Friday, December 23, 2011

Vladm* + Vladi* (for Vladi* or possibly Vladm*)

One of my very favorite Christopher Hitchens essays concerns one of my all-time favorite novels, Vladimir Nabokov's Lolita. In an essay, which appeared in the December 2005 Atlantic, Hitchens begins by saying: "In Azar Nafisi's Reading Lolita in Tehran, in which young female students meet in secret with Xeroxed copies of Nabokov's masterpiece on their often chaste and recently chadored laps, it is at first a surprise to discover how unscandalized the women are. Without exception, it turns out, they concur with Vera Nabokov in finding that the chief elements of the story are 'its beauty and pathos'..." Vladimir Nabokov loved language and butterflies. Regarding the former, please turn to Lolita if you've not yet had the exquisite pleasure.
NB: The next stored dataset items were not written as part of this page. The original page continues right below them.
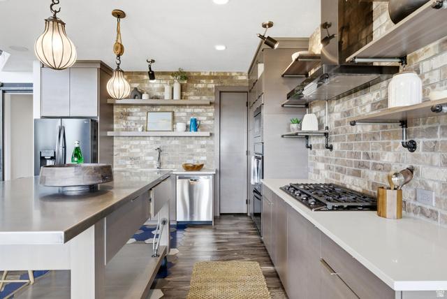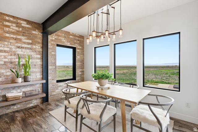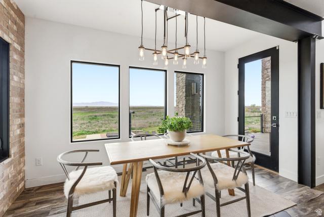 Great Salt Lake & Antelope Island views 1.21-acre estate Pool, spa, and theater room. Luxury 5 bed, 3.5 bath home with industrial-modern design, large windows, exposed beams, brick accents, floating stairs, and metal railings. Open-concept layout with incredible natural light oriented toward lake and sunset views.
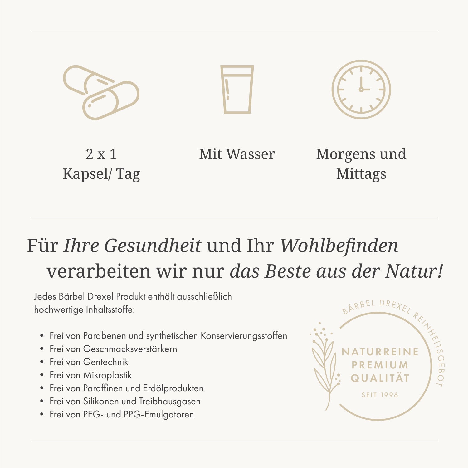 “Seit Jahren unterstütze ich die Produkte von Bärbel Drexel. Die sorgfältige Auswahl an Inhaltsstoffen und die langjährige Erfahrung des wissenschaftlichen Teams, sorgen dafür das die Produkte gut verträglich sind und ihren gewünschten Zweck auch erfüllen.”
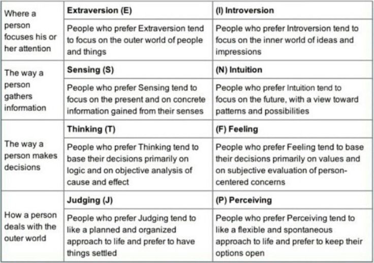 Согласно теории психологического типа Юнга, людей можно охарактеризовать с помощью следующих трех критериев:
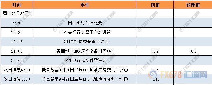 周二(9月25日)关键词:日本央行会议纪要;欧洲央行官员讲话;
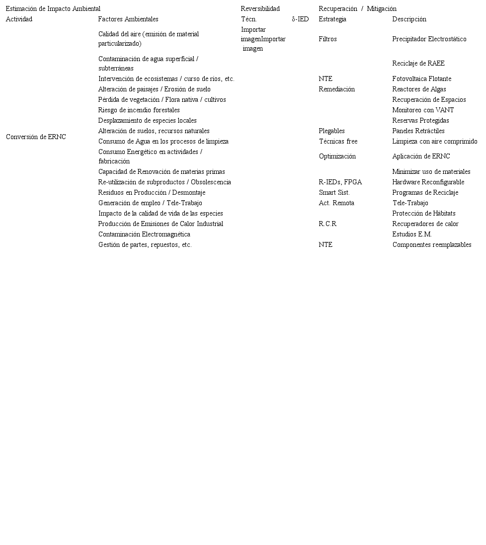Incorporando estas tecnologías de forma ética, bajo principios de sostenibilidad, se busca disminuir el impacto sobre el medio ambiente, simplificando y minimizando todas las actividades que demandan consumo de recursos no renovables, con un compromiso socio-ambiental RSE, en pro de mejorar las condiciones ambientales, con programas de protección a la fauna, bioremediación del entorno, tecnologías de mitigación del impacto ambiental, uso racional del suelo y recursos, eficiencia energética, disminución de emisiones de calor residual al ambiente, captación de calor y recuperación de calor industrial, para reciclaje energético, entre otras estrategias. Este trabajo presenta un estudio de impacto ambiental generalizado para diversos proyectos de ERNC, una revisión de tecnologías y propuesta de adaptación tecnológica, a través del concepto de optimización por enjambre de R-IEDs, con modelo de energías regenerativa como aporte matemático.
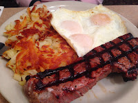 the long line outside this restaurant has always made me curious to try this place. it has great reviews too so me and my friend ventured out to have a very early breakfast at this cafe. its menu has a wide selection of american breakfast items. i chose the fresh lox and bagel which came with eggs and pancake for additional cost. it also came with some veggies, not so salty capers and cream cheese. i enjoyed the lox and bagel but was only able to finish half of the bagel since i had the pancake for dessert. my friend ordered bill’s steak and eggs. the steak wasn’t that remarkable to me but it was tender and juicy.
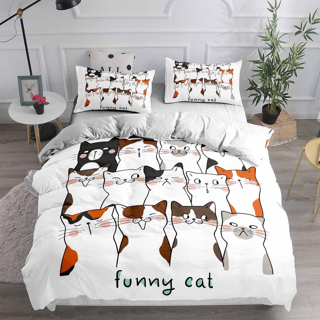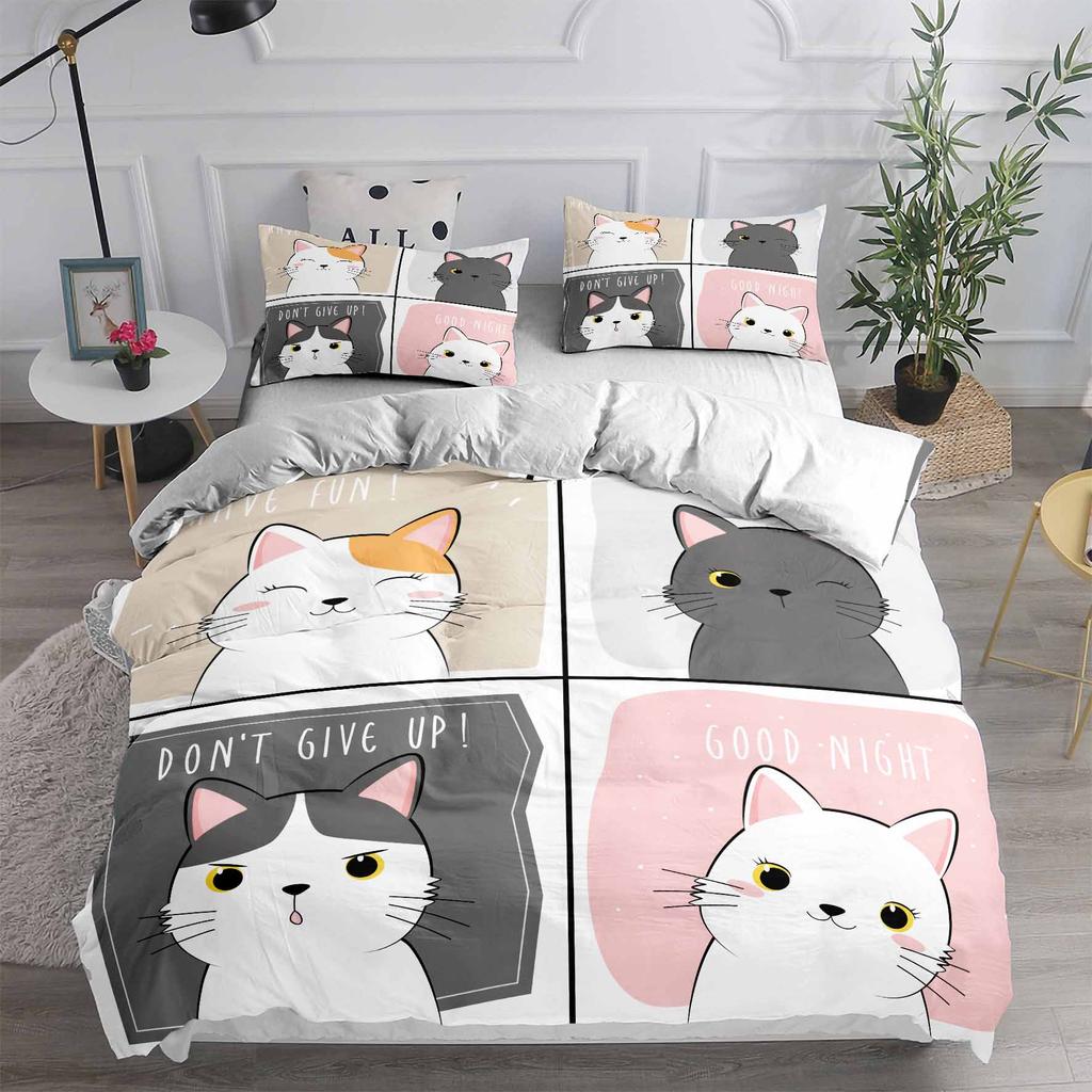 Мультяшный комплект постельного белья с котами для взрослых, зимние комплекты пододеяльников для детей, полуторный, двуспальный, королевский, кинг-сайз, набор для спальни, домашний текстиль, Housse De Couette
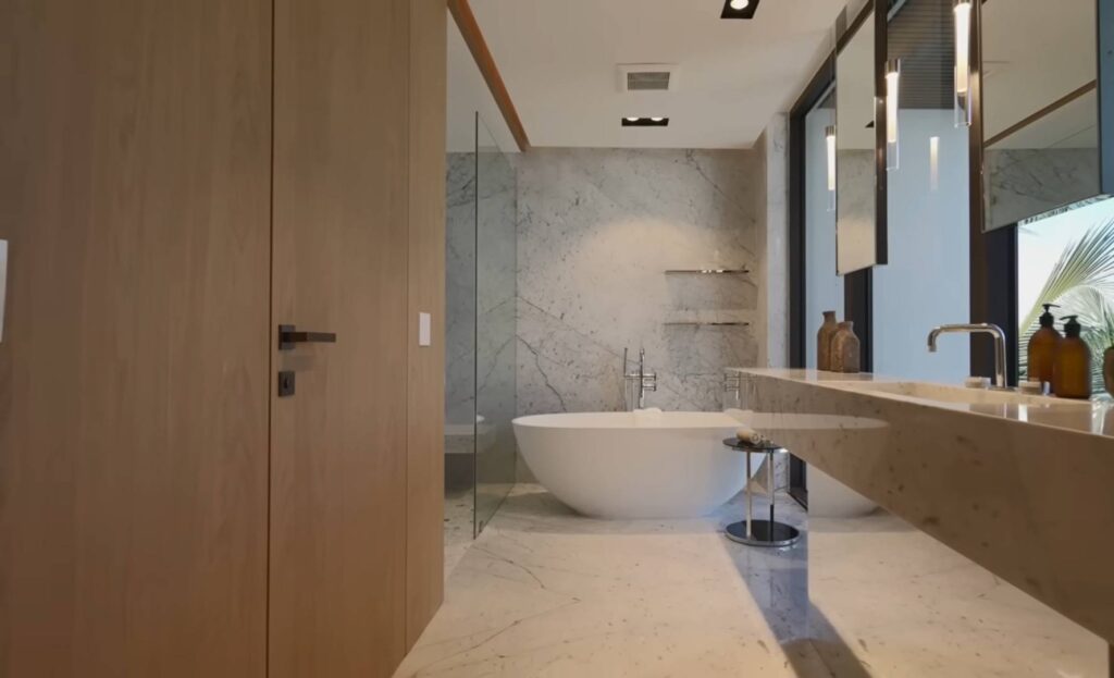 The bathrooms in her home have the modern theme with clean lines and spa-like features. It has rainfall showers, elegant fixtures, and natural light.
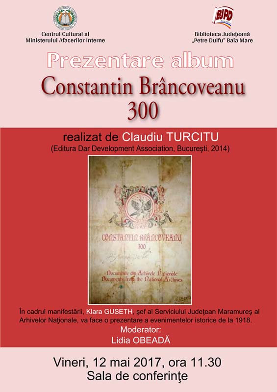 Va avea loc prezentarea albumului „Constantin Brâncoveanu – 300„, istorie în documente, publicat la Editura Dar Development Association, Bucureşti, 2014. Albumul a fost realizat de referent Claudiu Turcitu, șeful Biroului Arhive Medievale, Fonduri Personale și Colecții din cadrul Arhivelor Naționale din București.
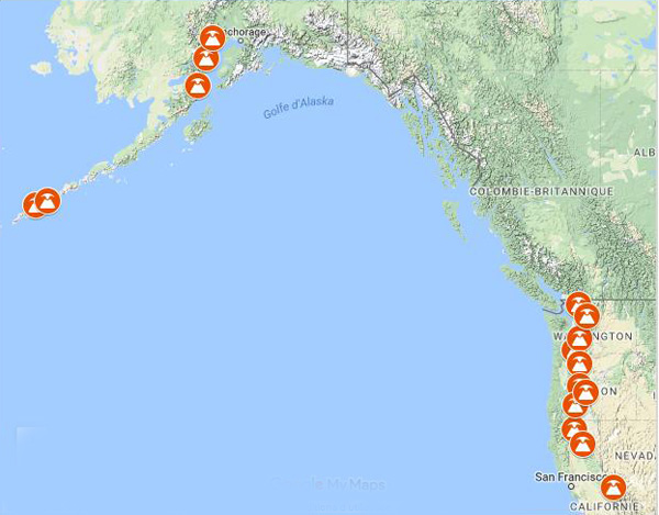 À l’exception de ceux du Mont Shasta, qui semblent relativement stables grâce aux masses d’air humide en provenance du Pacifique, la plupart des glaciers de la Chaîne des Cascades marquent un net recul. Dans une note publiée le 7 mars 2016, j’ai décrit la situation sur le Mont Rainier où le principal danger redouté par les autorités concerne les lahars, autrement dit des coulées de boue qui pourraient être déclenchées par la fonte des glaciers sur les flancs du volcan. Cependant, avec le réchauffement climatique, les glaciers ont reculé au cours des dernières décennies, de sorte que leur volume est moins impressionnant que par le passé. Si une éruption se produisait, les coulées de boue seraient probablement moins destructives, même si elles causeraient de graves dégâts dans les localités sur leur chemin. Des villes comme Orting sur les berges de la Puyallup River seraient certainement touchées. Des itinéraires d’évacuation ont été mis en place pour permettre à la population de se réfugier dans des lieux sûrs.

As to the latter, Nabokov was also a lepidopterist who identified and named the Karner Blue Butterfly, a species first spotted in Albany's "Pine Bush," a beautiful and dwindling ecosystem comprising pine barrens, lupines, and little blue butterflies. There were 29 cases of today's typo in OhioLINK and 404 in WorldCat.

(Butterfly drawn by Vladimir Nabokov for his wife Vera, "Christmas 1969," from Wikimedia Commons.)